Leaders Centrifugal Spain
先驅(qū) 沙盤上的西班牙
Umbrage in Catalonia
陰云籠罩卡泰羅尼亞
Even though the spectre of secession is an unwelcome distraction, Spain still needs to change
分裂的陰影分散了西班牙的注意力,盡管不受歡迎,但這個國家依舊需要變革
George Orwell, a British writer, fought in the trenches in the Spanish civil war to defend Catalonia from General Franco. He would surely be saddened by what is going on in that beautiful, cultured corner of Spain. On November 25th Catalans will vote in a regional election called as an unofficial referendum on independence. Since Catalonia represents a big chunk of the euro zone’s fourth-largest economy, and since Spain is in the front-line of efforts to save the euro, the vote and its aftermath will be felt farther afield.
英國作家喬治·奧威爾曾經(jīng)參加過西班牙內(nèi)戰(zhàn),保衛(wèi)過卡泰羅尼亞,抵御了佛朗哥將軍的部隊。如果他還在世,定會為在這個美麗文明的西班牙東北角上演的悲劇而痛心。11月25日卡泰羅尼亞人將進(jìn)行地區(qū)性選舉,也作非正式獨(dú)立公投。
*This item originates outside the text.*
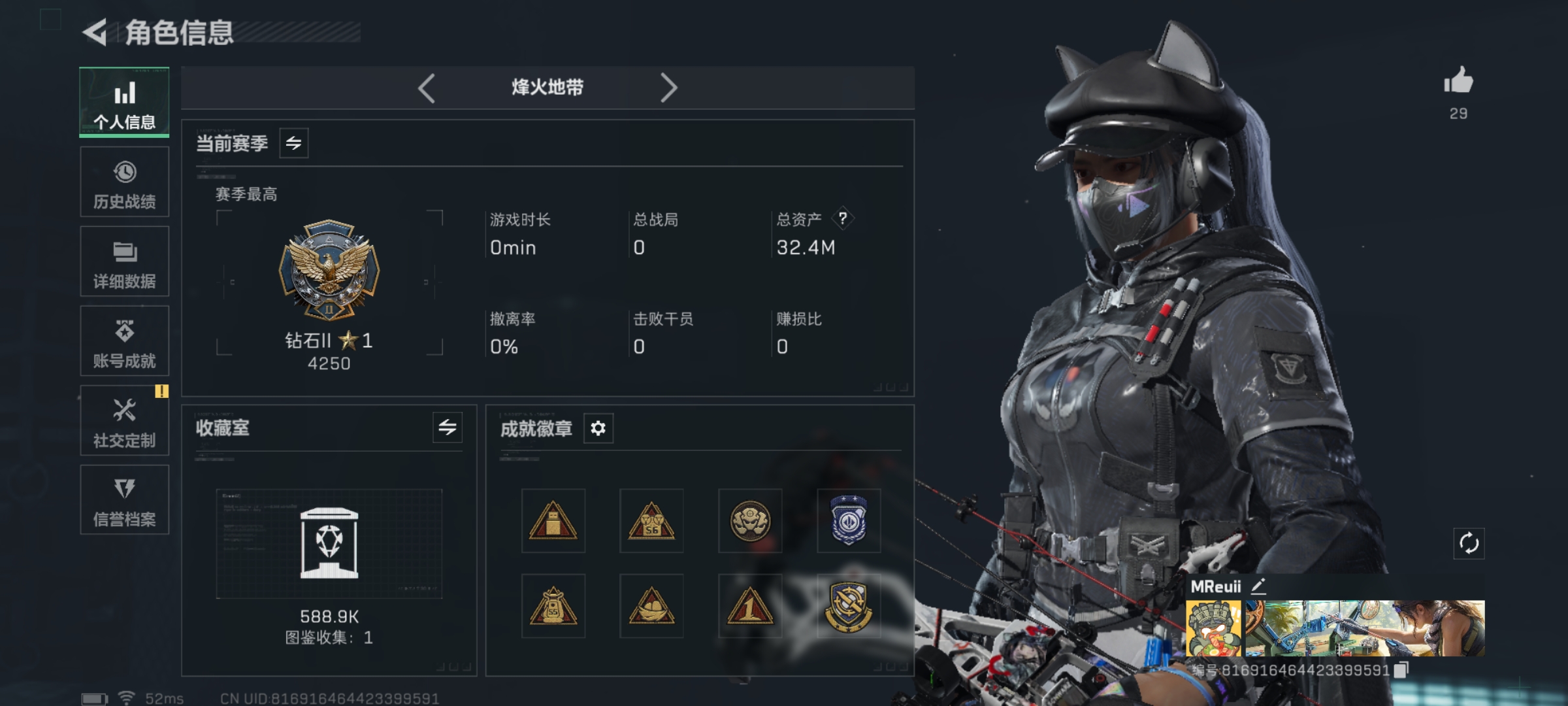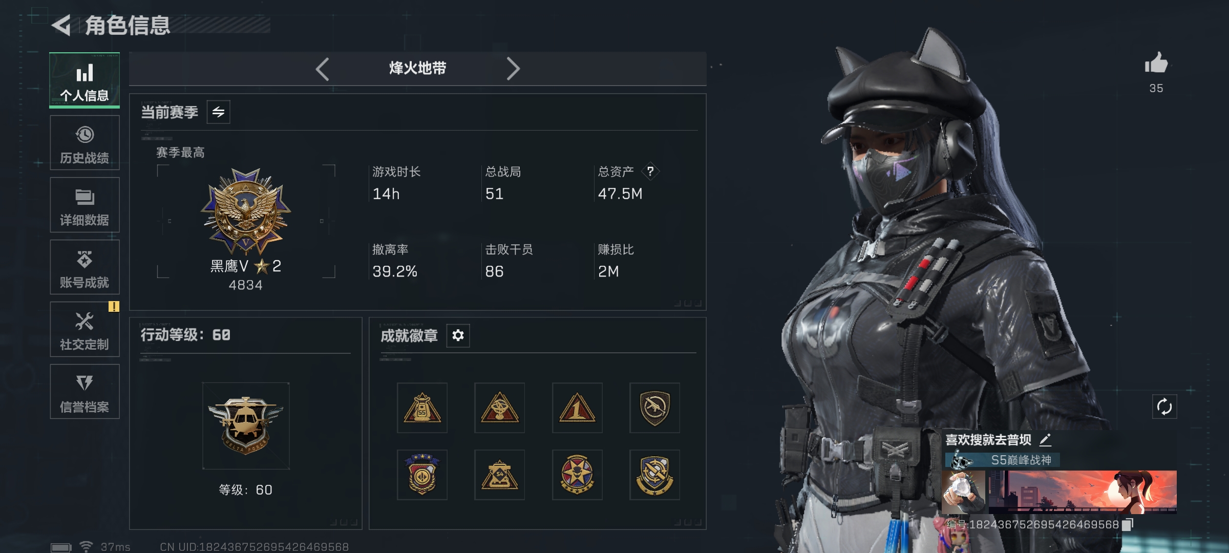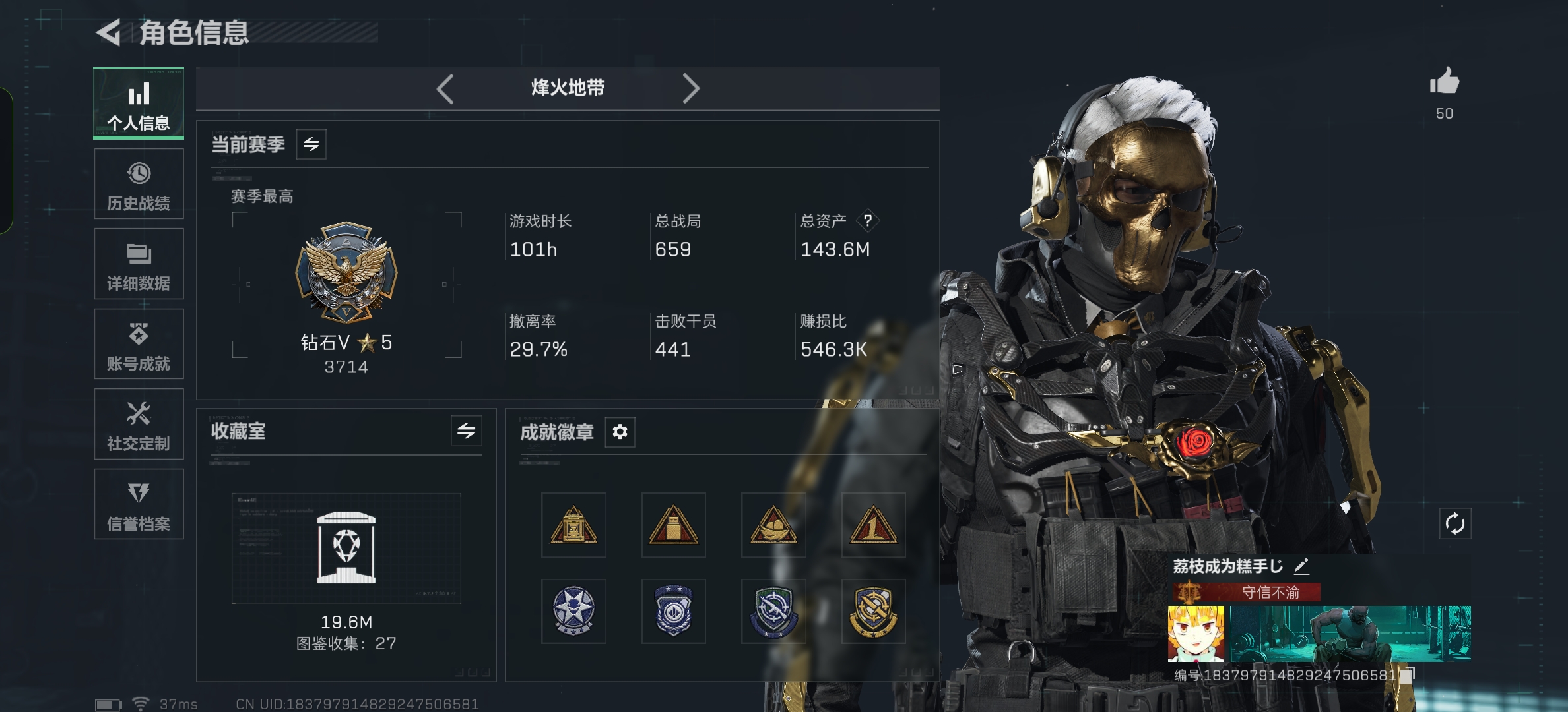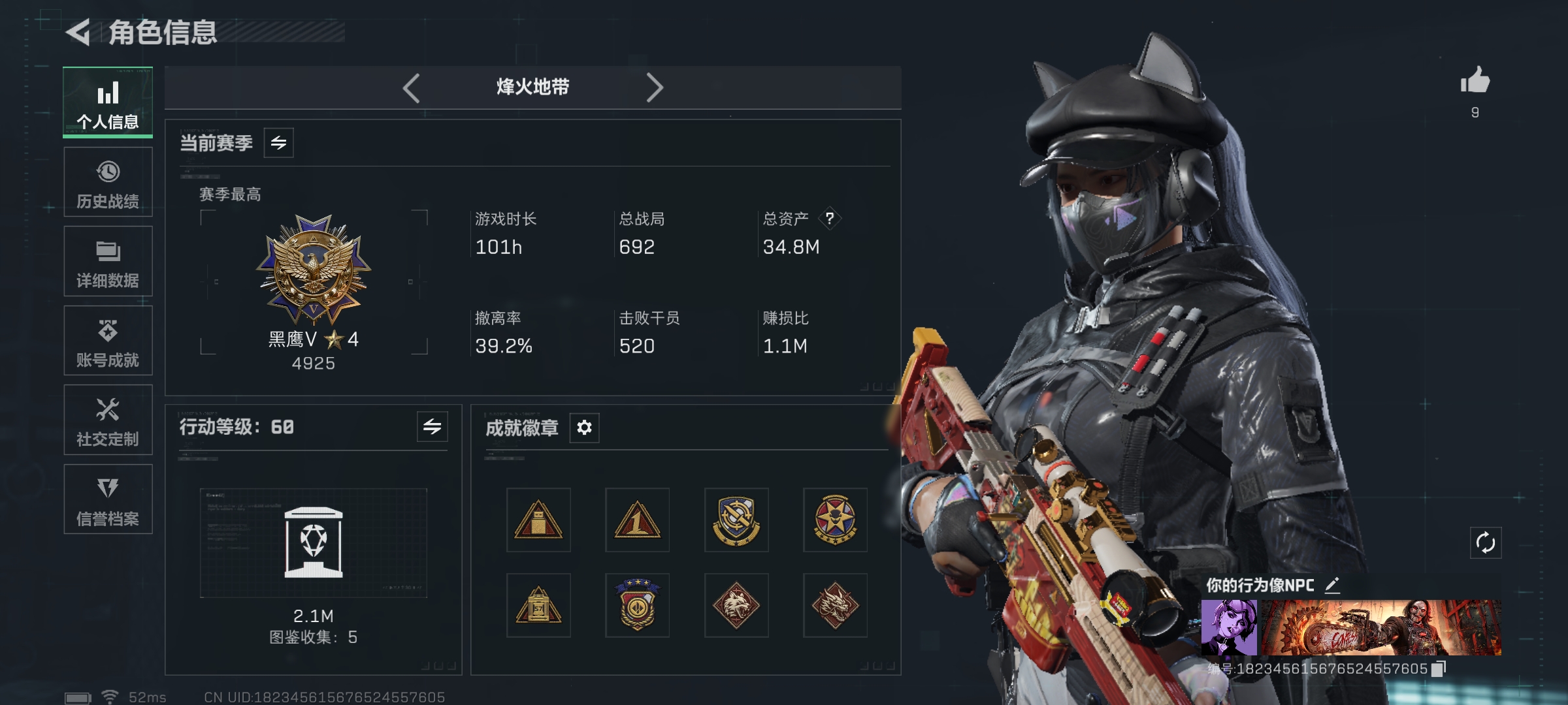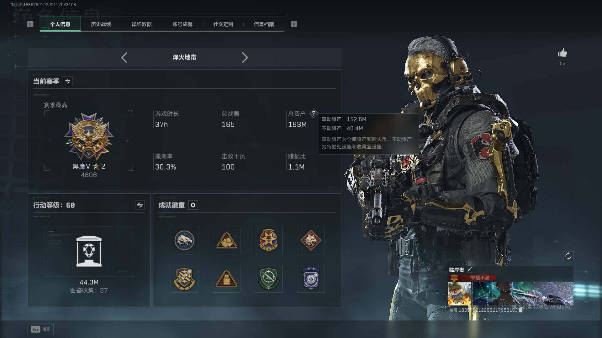 总资产(M):192M/哈夫币(K):9235K/哈夫币(K):9235K/全面战场等级:27_段位

由于卡泰羅尼亞是歐元區(qū)第四大經(jīng)濟(jì)體西班牙的重要一部分,且西班牙又處在拯救歐元行動的前線,無疑這次投票及其結(jié)果都將產(chǎn)生及其深遠(yuǎn)的影響。

What could be wrong with 7.5m people with their own language and culture choosing to become a nation-state? At first blush, it is hard to object to what Catalan nationalists call the “right to decide”. In fact, there are many reasons why Catalans should not waste their energy trying to break away from Spain. Start by recalling Orwell’s definition of nationalism as “power-hunger tempered by self-deception”。
卡泰羅尼亞擁有750萬人口和屬于自己的語言,選擇獨(dú)立何錯之有?乍一看,似乎很難反駁卡泰羅尼亞民族主義者所謂的“自主決定權(quán)”。事實(shí)上,有很多理由解釋了為什么卡泰羅尼亞不應(yīng)該在爭取獨(dú)立這件事上耗費(fèi)精力。首先回顧一下奧威爾對于名族主義的定義:“一種因自欺而產(chǎn)生的權(quán)利饑渴”。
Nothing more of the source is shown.